Nahida Akter (born 2 March 2000) is a Bangladeshi cricketer. She is a right handed batter and a slow left-arm orthodox bowler. She made her debut in international matches against Pakistan in a T20 match on 30 September 2015.

In June 2018, she was part of Bangladesh's squad that won their first ever Women's Asia Cup title, winning the 2018 Women's Twenty20 Asia Cup tournament. Later the same month, she was named in Bangladesh's squad for the 2018 ICC Women's World Twenty20 Qualifier tournament.

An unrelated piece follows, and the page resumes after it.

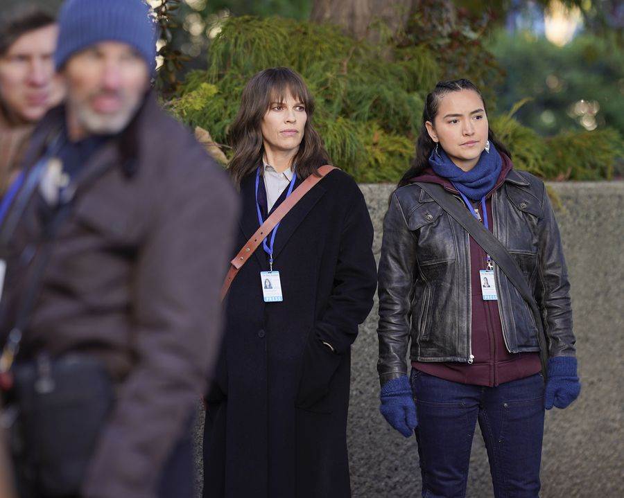 Gabriel (Pablo Castelblanco) may have said he wasn’t going to return to the paper, but Eileen (Hilary Swank) is not letting him quit. Knowing that he needs a push to come back to work, Eileen picks him up and brings him and forces him to come back to work. Wondering why he should come back Eileen tells Gabriel that he is a great journalist and only starting to discover his potential.

In October 2018, she was named in Bangladesh's squad for the 2018 ICC Women's World Twenty20 tournament in the West Indies. In August 2019, she was named in Bangladesh's squad for the 2019 ICC Women's World Twenty20 Qualifier tournament in Scotland. She was the leading wicket-taker for Bangladesh in the tournament, with ten dismissals in five matches. In November 2019, she was named in Bangladesh's squad for the cricket tournament at the 2019 South Asian Games. The Bangladesh team beat Sri Lanka by two runs in the final to win the gold medal.

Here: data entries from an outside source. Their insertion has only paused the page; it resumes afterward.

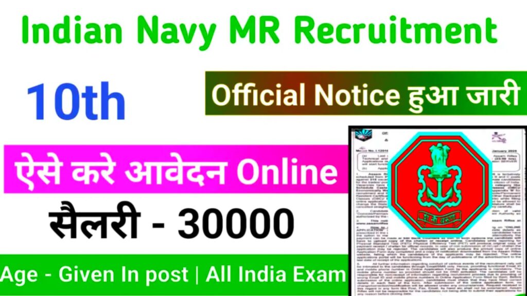 अगर आप लोग इंडियन नेवी एमआर के पदों पर आवेदन करना चाहे तो तो आप मैं आपको बता देता हूं शैक्षिक योग्यता की बात करें तो इसमे आपने किसी भी बोर्ड से दसवीं पास कर रखा है तो आप लोग आसानी से इस भर्ती में आवेदन कर सकते हैं
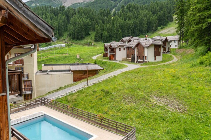 This 30 m² apartment, designed for 4 people, is only a short walk from the resort's main square. It features a modern and welcoming design, with a living room equipped with a sofa bed (converts to a double bed), a wall-mounted television, and board games for entertainment. The fully equipped kitchen includes a dishwasher, refrigerator, microwave, filter coffee maker, and a 4-burner hob, with a dining area for 4 guests. The living room opens onto a furnished balcony offering a beautiful view of the resort, the larch forest, and surrounding mountains.
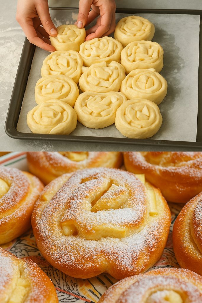 Puha, illatos, házi kelt tészta selymes vaníliakrémmel töltve, tetején porcukorral. Tökéletes reggelire vagy uzsonnára egy csésze tea vagy kávé mellé.

In January 2020, she was named in Bangladesh's squad for the 2020 ICC Women's T20 World Cup in Australia. In November 2021, she was named in Bangladesh's team for the 2021 Women's Cricket World Cup Qualifier tournament in Zimbabwe. Later the same month, in Bangladesh's third match against Zimbabwe, she took her first five-wicket haul in WODI cricket.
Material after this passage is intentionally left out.